CONTOS GAUCHESCOS LER, VER OU FAZER?

E a velha discussão volta à tona: aula de Literatura cabe na Escola Técnica? A cada ano, parece que a discussão se renova, seja por questionamento dos alunos, seja por questionamentos da área técnica e da própria área de Língua Portuguesa.

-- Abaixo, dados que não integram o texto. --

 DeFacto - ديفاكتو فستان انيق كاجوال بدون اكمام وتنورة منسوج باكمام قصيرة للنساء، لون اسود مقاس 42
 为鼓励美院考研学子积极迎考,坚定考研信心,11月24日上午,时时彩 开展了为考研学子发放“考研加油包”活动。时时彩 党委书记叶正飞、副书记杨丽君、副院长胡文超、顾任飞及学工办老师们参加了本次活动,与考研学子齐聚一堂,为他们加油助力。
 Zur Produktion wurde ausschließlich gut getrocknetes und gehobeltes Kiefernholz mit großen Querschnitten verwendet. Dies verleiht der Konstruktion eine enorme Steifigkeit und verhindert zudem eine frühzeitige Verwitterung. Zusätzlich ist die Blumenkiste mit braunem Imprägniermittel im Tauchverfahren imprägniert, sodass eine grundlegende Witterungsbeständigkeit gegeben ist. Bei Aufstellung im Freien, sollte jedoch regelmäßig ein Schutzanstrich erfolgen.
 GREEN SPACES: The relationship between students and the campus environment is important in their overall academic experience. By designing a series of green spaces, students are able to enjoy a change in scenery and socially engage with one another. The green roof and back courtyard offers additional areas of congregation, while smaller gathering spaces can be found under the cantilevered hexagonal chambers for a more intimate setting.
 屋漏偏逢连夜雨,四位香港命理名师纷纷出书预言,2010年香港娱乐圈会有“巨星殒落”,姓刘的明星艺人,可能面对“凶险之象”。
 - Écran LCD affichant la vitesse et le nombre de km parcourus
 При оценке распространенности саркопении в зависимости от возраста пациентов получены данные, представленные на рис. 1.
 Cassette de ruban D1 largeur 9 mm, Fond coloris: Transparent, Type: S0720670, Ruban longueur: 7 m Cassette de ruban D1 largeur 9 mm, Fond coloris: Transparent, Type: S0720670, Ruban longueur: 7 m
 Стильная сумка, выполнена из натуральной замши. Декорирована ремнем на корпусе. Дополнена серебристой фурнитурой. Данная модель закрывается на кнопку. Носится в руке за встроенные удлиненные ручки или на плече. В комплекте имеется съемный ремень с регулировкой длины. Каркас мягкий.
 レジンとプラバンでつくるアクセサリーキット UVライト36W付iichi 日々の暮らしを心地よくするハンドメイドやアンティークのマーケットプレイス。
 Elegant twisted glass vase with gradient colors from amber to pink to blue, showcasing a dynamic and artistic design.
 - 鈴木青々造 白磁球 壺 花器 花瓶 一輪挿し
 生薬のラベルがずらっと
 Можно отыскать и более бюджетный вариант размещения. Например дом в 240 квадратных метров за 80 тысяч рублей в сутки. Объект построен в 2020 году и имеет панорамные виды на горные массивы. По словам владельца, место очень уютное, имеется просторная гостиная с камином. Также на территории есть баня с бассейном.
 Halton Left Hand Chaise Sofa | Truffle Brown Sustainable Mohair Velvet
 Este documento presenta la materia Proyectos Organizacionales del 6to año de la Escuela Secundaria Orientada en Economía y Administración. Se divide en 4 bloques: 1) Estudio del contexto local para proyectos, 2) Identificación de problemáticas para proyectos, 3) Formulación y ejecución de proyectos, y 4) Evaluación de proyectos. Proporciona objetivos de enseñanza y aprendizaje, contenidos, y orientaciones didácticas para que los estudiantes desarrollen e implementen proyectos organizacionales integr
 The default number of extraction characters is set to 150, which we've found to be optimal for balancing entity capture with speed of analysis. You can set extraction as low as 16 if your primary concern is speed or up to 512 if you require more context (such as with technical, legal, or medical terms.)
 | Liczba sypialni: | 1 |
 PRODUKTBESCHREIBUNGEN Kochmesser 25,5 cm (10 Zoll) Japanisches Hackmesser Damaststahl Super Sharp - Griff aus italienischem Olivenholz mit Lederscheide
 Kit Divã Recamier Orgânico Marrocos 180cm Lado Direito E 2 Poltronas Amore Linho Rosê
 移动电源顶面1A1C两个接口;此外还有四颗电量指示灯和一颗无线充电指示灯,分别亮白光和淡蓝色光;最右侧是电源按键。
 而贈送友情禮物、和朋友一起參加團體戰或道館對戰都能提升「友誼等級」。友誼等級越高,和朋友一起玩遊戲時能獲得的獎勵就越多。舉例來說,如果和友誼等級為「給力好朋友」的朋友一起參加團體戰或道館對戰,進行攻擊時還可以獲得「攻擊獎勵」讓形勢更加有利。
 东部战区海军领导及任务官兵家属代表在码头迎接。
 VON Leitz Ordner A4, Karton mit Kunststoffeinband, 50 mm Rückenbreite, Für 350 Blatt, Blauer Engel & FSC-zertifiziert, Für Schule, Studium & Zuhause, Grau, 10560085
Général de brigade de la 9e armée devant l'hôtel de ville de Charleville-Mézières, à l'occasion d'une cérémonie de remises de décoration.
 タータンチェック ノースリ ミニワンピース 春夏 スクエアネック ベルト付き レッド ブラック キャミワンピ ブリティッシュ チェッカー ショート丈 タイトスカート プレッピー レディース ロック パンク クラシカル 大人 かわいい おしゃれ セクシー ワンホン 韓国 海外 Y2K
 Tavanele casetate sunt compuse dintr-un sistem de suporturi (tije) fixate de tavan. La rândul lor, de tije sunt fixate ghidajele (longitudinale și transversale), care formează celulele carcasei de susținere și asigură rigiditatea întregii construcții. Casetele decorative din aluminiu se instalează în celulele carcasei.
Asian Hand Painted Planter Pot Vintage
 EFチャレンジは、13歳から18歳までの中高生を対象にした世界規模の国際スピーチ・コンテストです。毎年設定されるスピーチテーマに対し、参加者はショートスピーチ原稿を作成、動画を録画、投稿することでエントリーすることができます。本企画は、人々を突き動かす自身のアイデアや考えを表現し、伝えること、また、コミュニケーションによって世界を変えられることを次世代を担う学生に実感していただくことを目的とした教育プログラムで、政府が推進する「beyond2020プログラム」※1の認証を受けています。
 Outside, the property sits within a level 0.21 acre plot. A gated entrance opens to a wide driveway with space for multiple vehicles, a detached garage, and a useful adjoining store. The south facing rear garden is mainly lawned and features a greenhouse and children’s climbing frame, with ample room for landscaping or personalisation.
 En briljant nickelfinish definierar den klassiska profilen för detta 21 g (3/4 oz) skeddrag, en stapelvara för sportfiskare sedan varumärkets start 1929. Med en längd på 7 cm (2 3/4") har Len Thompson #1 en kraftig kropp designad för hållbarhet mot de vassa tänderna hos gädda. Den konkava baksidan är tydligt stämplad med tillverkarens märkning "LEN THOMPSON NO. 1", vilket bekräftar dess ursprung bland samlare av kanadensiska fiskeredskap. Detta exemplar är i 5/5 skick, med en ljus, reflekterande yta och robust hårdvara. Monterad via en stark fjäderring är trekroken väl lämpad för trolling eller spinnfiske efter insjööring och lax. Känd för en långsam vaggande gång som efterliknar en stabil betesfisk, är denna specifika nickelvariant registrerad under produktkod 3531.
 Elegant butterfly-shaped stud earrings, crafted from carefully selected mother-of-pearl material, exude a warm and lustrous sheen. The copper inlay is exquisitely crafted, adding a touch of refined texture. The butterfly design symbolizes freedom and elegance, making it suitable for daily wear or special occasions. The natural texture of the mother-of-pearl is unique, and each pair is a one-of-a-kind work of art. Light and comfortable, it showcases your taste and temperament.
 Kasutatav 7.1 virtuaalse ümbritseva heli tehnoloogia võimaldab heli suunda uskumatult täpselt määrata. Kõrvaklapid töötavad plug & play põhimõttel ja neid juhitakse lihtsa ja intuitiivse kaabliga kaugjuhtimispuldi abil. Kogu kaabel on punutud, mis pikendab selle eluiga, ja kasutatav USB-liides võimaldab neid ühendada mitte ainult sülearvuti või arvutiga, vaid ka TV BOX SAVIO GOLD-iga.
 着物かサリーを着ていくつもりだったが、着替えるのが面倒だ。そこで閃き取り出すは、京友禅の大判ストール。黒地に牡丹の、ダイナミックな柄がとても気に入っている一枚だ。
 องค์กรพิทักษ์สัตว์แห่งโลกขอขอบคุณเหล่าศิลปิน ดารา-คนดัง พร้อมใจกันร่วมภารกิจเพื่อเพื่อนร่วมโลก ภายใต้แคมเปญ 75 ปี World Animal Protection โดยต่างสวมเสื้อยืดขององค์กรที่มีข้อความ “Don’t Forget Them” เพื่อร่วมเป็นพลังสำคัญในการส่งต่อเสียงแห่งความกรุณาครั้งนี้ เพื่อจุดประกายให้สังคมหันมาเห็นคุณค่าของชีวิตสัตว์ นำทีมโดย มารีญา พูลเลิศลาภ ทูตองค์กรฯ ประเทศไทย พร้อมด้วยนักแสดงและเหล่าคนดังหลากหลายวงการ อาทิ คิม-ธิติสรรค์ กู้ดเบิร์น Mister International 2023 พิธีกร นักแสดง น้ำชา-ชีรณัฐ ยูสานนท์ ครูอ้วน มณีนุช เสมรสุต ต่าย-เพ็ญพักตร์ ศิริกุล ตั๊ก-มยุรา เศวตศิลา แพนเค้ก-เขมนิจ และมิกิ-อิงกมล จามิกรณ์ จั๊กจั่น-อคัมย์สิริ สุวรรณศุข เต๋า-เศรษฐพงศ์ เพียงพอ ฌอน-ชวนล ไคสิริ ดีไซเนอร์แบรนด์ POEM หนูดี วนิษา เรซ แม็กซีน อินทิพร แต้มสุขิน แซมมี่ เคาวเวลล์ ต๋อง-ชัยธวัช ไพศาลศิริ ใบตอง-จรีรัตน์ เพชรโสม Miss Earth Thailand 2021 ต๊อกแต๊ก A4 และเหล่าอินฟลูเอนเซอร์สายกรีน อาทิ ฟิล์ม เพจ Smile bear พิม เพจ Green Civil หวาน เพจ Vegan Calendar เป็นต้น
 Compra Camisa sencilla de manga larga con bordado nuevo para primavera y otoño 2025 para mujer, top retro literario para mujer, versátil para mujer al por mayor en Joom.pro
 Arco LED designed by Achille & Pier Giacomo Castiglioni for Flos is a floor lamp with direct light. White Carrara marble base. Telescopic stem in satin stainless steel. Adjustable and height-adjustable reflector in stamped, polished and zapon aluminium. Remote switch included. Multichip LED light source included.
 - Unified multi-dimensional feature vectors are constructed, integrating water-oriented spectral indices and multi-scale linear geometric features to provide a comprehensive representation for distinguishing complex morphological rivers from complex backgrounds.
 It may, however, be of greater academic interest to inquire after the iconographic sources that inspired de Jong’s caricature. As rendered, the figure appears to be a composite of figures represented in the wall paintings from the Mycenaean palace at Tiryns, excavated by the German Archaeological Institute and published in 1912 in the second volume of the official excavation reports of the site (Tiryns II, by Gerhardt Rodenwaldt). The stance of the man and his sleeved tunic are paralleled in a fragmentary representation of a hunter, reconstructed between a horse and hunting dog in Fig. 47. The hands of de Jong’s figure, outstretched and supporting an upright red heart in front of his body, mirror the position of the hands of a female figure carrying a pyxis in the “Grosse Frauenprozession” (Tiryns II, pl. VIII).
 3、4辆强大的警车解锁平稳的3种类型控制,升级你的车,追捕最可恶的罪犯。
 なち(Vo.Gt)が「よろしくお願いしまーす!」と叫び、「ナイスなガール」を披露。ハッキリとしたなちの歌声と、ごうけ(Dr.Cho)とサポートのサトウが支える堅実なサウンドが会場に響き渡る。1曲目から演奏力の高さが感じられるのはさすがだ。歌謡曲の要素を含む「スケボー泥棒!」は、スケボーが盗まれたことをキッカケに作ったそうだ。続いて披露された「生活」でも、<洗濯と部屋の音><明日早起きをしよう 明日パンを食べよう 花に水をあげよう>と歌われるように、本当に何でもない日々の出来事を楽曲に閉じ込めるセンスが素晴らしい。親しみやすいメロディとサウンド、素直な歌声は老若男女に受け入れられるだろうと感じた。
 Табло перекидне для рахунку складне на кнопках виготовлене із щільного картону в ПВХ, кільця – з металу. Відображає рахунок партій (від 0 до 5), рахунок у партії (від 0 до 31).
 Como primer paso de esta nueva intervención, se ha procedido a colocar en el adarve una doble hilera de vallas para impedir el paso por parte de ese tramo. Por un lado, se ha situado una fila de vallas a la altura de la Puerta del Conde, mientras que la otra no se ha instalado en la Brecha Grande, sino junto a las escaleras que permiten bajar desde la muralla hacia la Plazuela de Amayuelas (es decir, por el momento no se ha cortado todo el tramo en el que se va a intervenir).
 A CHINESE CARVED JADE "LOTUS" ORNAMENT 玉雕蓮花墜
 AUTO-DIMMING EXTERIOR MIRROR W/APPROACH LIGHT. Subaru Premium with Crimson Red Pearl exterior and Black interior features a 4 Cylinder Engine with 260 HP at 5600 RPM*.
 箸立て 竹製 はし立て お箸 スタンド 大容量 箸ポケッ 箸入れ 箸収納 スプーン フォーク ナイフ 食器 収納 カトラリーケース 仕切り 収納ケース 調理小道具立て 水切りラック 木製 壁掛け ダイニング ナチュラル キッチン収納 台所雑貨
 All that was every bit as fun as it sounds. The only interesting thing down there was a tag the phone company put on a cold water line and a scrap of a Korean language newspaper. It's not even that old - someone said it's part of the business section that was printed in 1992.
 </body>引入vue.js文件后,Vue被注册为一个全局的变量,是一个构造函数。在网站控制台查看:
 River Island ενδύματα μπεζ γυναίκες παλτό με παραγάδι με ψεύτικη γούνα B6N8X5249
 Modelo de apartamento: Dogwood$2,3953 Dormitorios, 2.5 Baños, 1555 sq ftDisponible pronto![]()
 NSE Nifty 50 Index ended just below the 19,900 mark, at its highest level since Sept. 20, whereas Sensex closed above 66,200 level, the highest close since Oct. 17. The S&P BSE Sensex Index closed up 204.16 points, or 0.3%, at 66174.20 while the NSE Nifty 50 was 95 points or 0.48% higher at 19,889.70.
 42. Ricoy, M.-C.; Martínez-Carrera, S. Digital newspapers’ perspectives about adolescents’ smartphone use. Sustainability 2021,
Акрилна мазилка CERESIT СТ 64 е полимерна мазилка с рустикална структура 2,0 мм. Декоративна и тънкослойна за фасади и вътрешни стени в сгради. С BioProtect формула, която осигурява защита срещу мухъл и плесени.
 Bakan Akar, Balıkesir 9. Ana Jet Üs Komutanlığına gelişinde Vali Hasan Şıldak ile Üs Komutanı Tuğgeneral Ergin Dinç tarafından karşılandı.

Como tratar temas filosóficos, históricos, literários, artísticos numa escola que tem como foco a pesquisa tecnológica? Com o que esses conhecimentos podem contribuir? Como estimular os alunos endoidecidos com PID, TCC, FEICIT, MOSTRATEC etc. a se interessarem por Simões Lopes Neto, por exemplo, um cara que “fala difícil” e que, ainda por cima, trata de uma realidade que não é a de nossos alunos?

Pois é! Nesse contexto é que foi proposta a tarefa de criação de vídeos dos Contos Gauchescos aos alunos dos terceiros anos da Mecânica. Imaginem: terceiros anos – fase em que tudo é “mico”, tudo é “chato”, tudo é cheio de “ahhh não”!!!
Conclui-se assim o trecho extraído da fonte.